2024-02-20T05:11:58.253Z

Highlights: Yannick Haenel, writer: “The night allows all sorts of excesses”. Transported by the painter's works, the writer, guest of the My night at the museum collection, takes us on his solitary visit to the Center Pompidou. A story of ecstasy and excess, like a hymn of life. In Bleu Bacon, YannickHaenel mobilizes all the resources of language to transmute his text into a painting displaying all shades of blue.


Transported by the painter's works, the writer, guest of the My night at the museum collection, takes us on his solitary visit to the Center Pompidou. A story of ecstasy and excess, like a hymn of life.


In

Bleu Bacon,

Yannick Haenel mobilizes all the resources of language to transmute his text into a painting displaying all shades of blue, from cobalt to king.
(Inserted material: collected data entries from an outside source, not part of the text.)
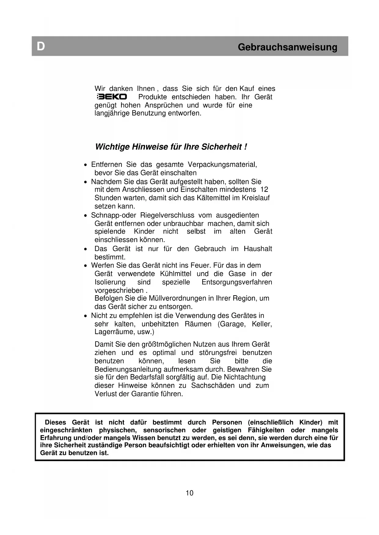 Wichtige Hinweise für Ihre Sicherheit /10 Elektrischer Anschluss /11 Transporthinweise /11 Aufstellung des Gerätes /11 Geräteübersicht /12 Allgemeine Einlagerungsempfehlungen /12 Temperaturregelung. Einstellung der Temperatur /13 Bevor der Inbetriebnahme /13 Lagern von tiefgefrorenen Lebensmitteln /13 Einfrieren von frischen Lebensmitteln /13 Abtauen des Gerätes /14 Wechseln des türanschlags /14 Wechsel der Glühlampe /14 Reinigung und Pflege /15 Was Sie tun sollten und was auf keinen fall-einige Hinweise /16 Energieverbrauch /17 Hinweise zu Geräuschen und Vibrationen /17 Massnahmen bei Betriebstőrunger /18 Technische Daten /18
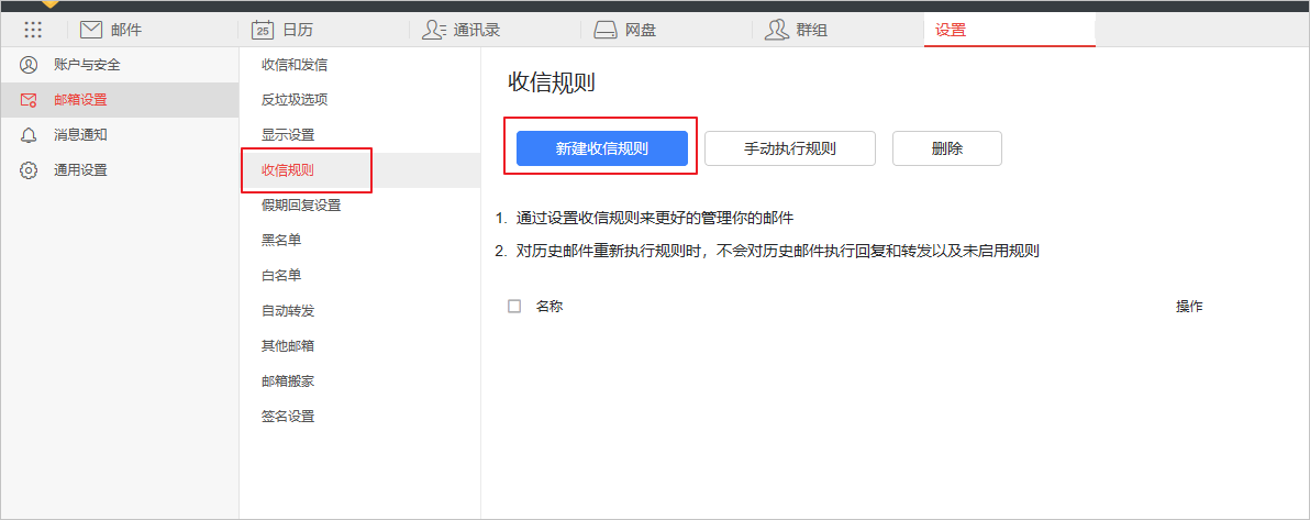 1. 选择收信规则 ,单击新建收信规则。
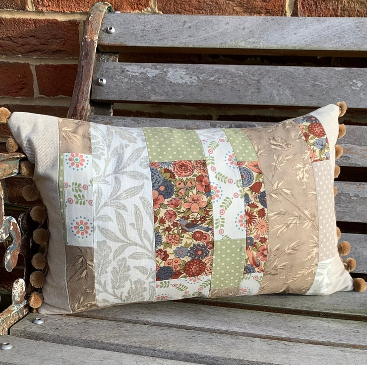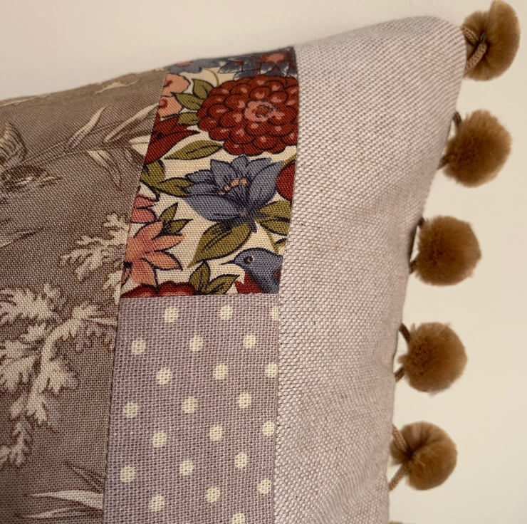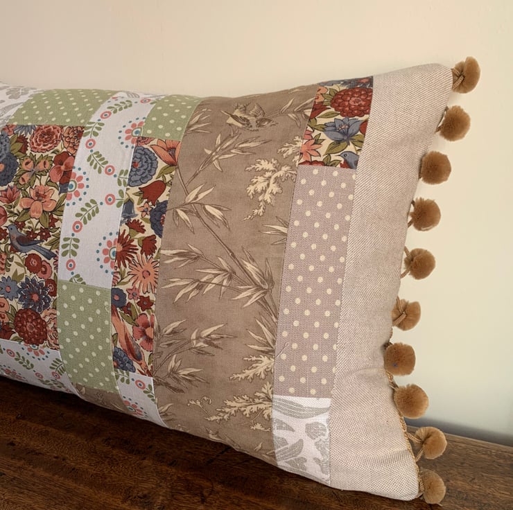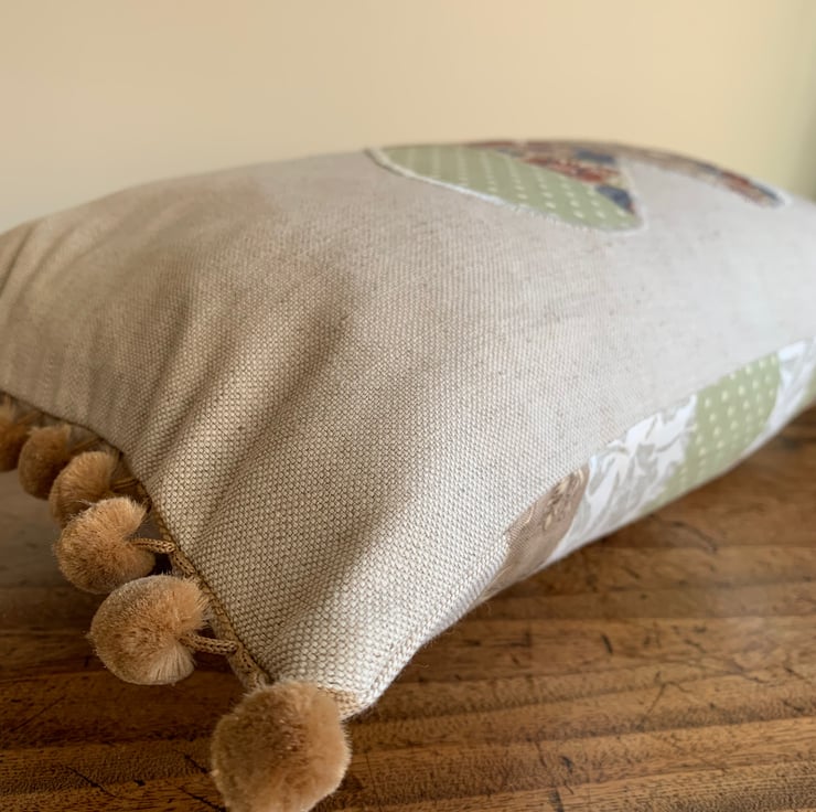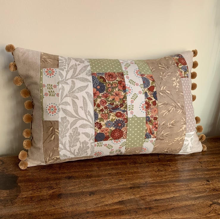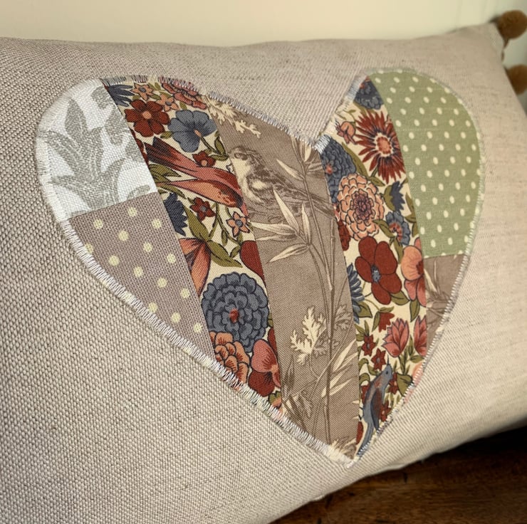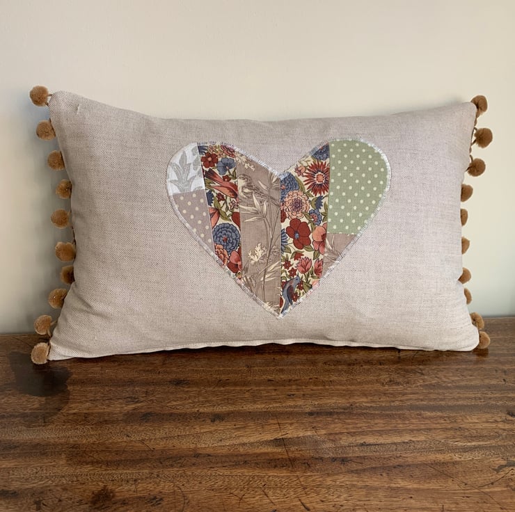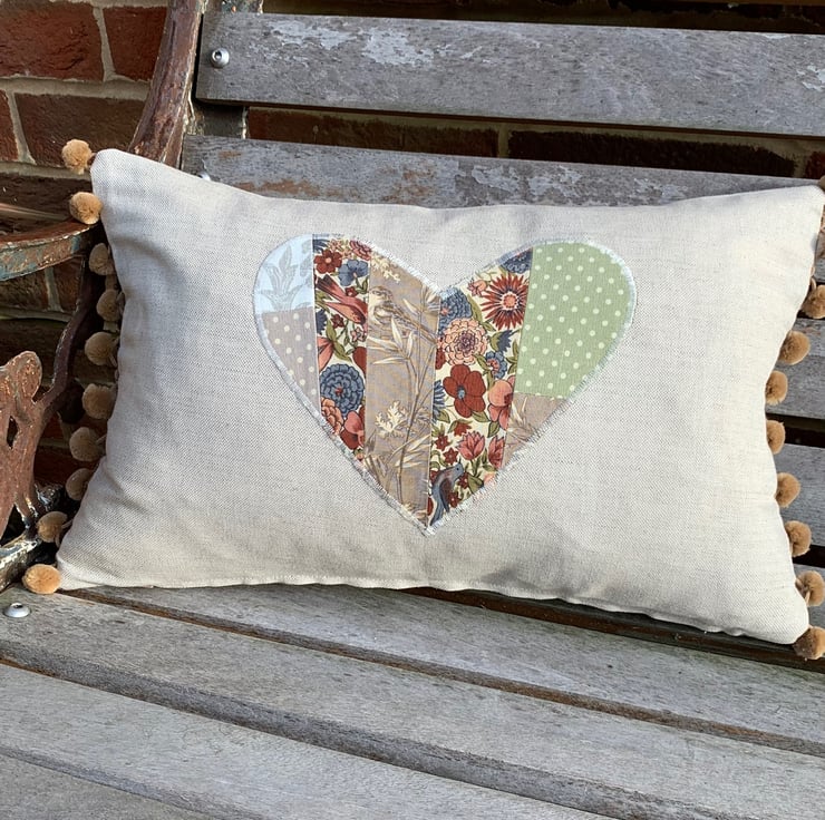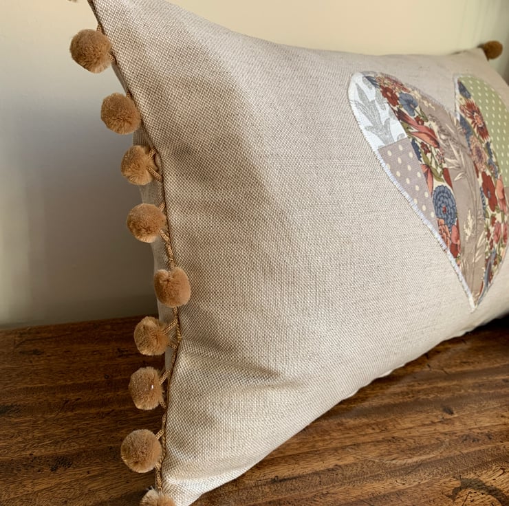 One of a kind cushion cover using up small pieces of leftover fabric and teaming them with oatmeal linen. One side is oatmeal linen with a patchwork heart appliqué. The other is a patchwork of the different fabrics. The ends of the cushion are trimmed with velvety straw coloured pompoms.
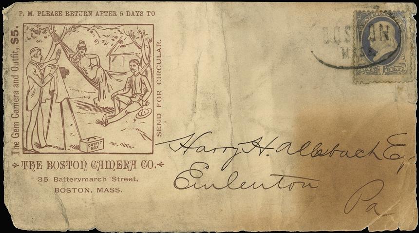 Quite recently, I acquired another piece of The Boston Camera Company's history, a postal cover, listing the business address as 35 Batterymarch Street. BCC was only at this address in 1884 and part of 1885 according to my research.
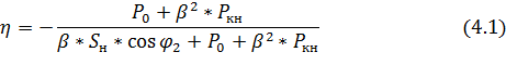 трансформатора от характера нагрузки, определяем расчетным путем согласно
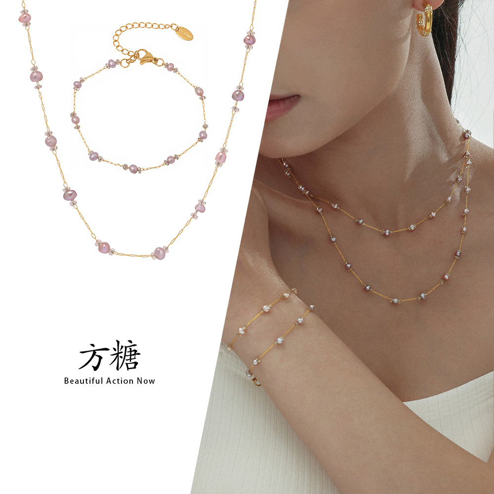 Sugar Cube New Queen Mother Freshwater Pearl Necklace Clavicle Chain Bracelet Set Women's Stainless Steel Real Gold Plated Jewelry
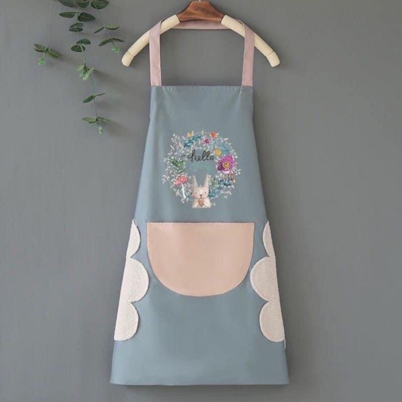 Tạp dề chống nước hình thỏmàu sắc xanh và hồng pastel rất xinh, hoạ tiết hoa thỏ dễ thương cực kỳ.
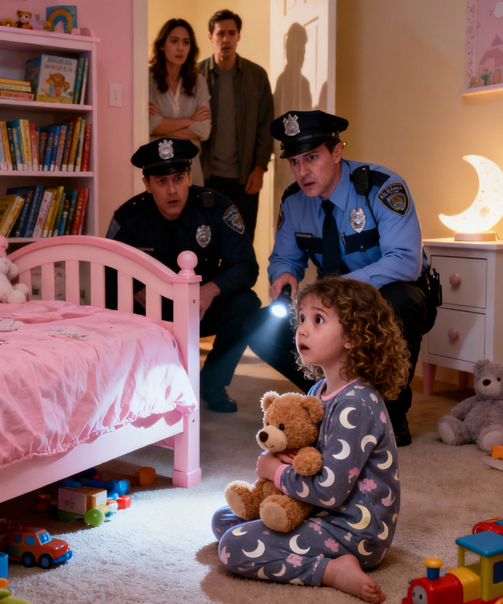 Officer Patel knelt, lifted the bed skirt, and swept his flashlight across dust, a stray crayon, a marble—nothing more.
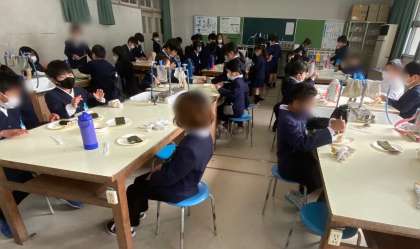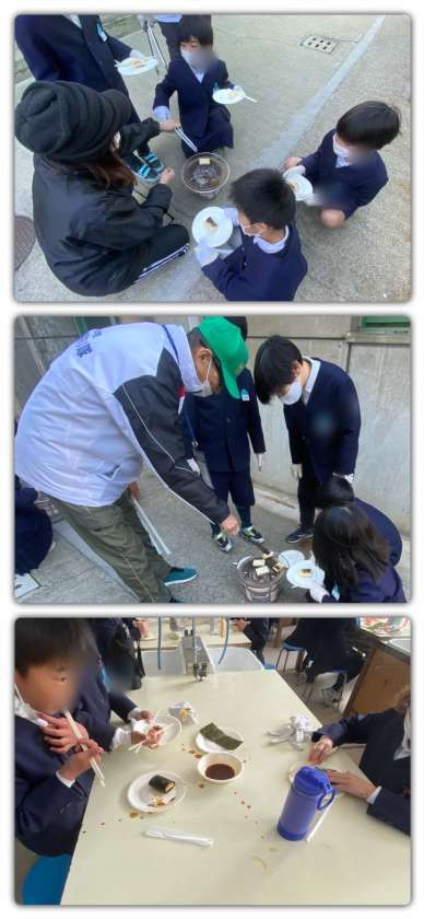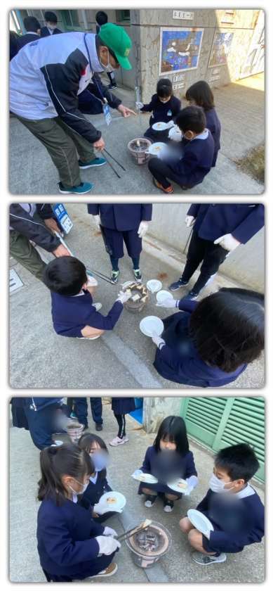 地域の方に教えていただいて、昔の道具の体験で、七輪を使って、餅を焼きました。
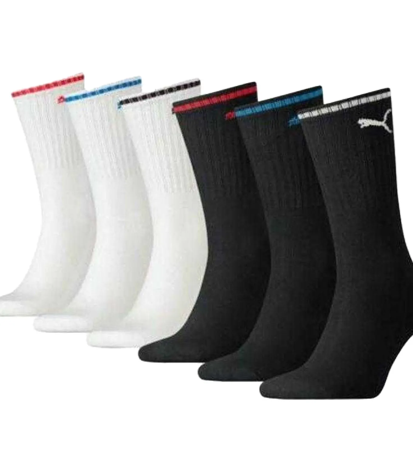 Puma Witte Sokken met de Simpele en Eindigdont Logo–ontwerp, gemaakt van 76% Katoen, 21% Polyester, 2% Elastodieen en 1% Elastaan. Deze sokken hebben een zacht voelende stoftechnologie en vertonen contrast op de manchet. Deze Puma–sokken zijn een comfortabele keuze voor iedereen die na sokken zoekt met een eenvoudige en elegante logo–design.
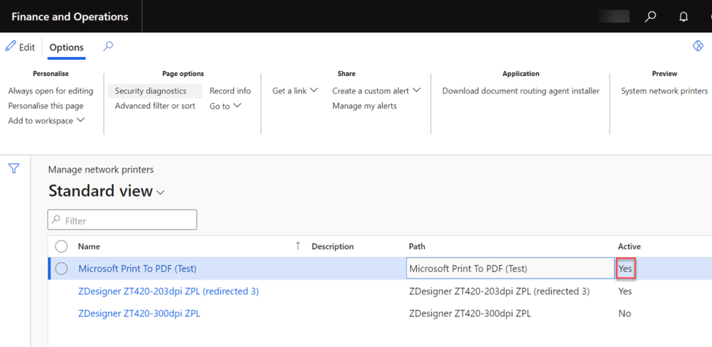 After registering the printer, it will be visible in D365 F&O. Activate the printer.
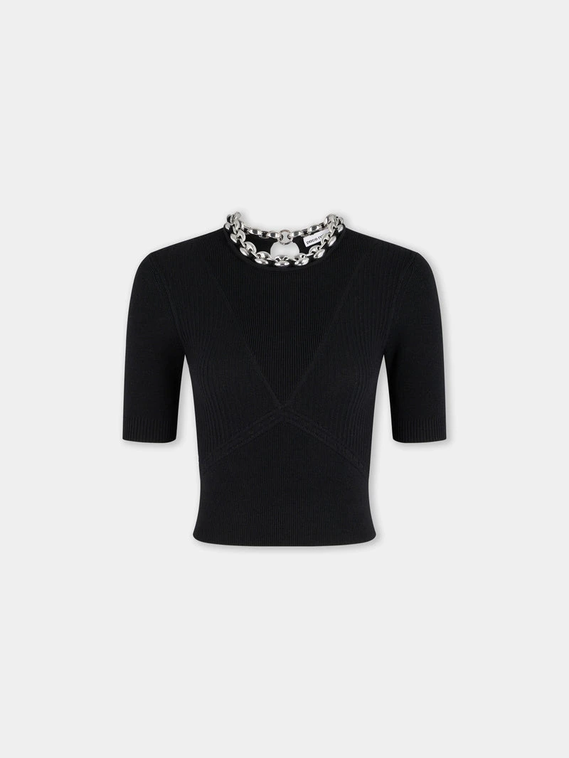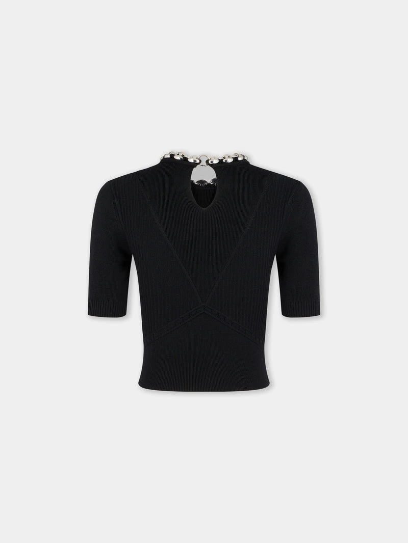 Black wool top Fitted cut Round neck with an assembly of silver-tone “Eight” links 3/4 sleeves
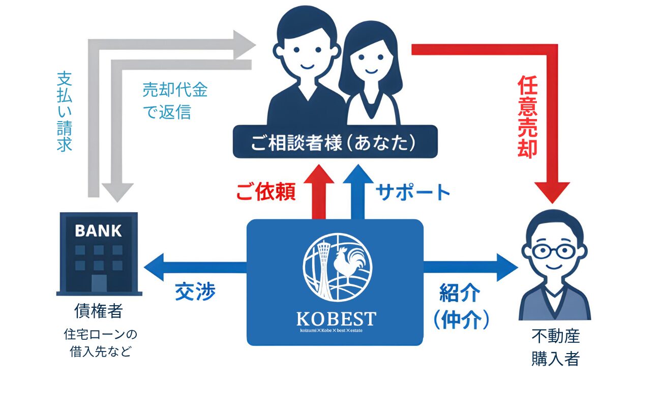 住宅ローンなどの返済が、さまざまな事情によって難しくなった際に、競売のような強制的な売却ではなく、ご本人の意思で不動産を売却し、その売却代金を債務の返済に充てる方法です。

Invited to spend a night at the Center Pompidou, in Paris, during the Bacon en tous lettres

exhibition ,

in 2019, he recounts an initiatory adventure which takes him back to his African childhood as well as to the aphrodisiac character of literature and painting, in a work which joins the sensitive and the intellect, the visible and the invisible, what we contemplate and what we listen to, in a completely Rimbaldian synaesthesia.

Or how to transcend the brutality of Francis Bacon into a strange and paradoxical gentleness...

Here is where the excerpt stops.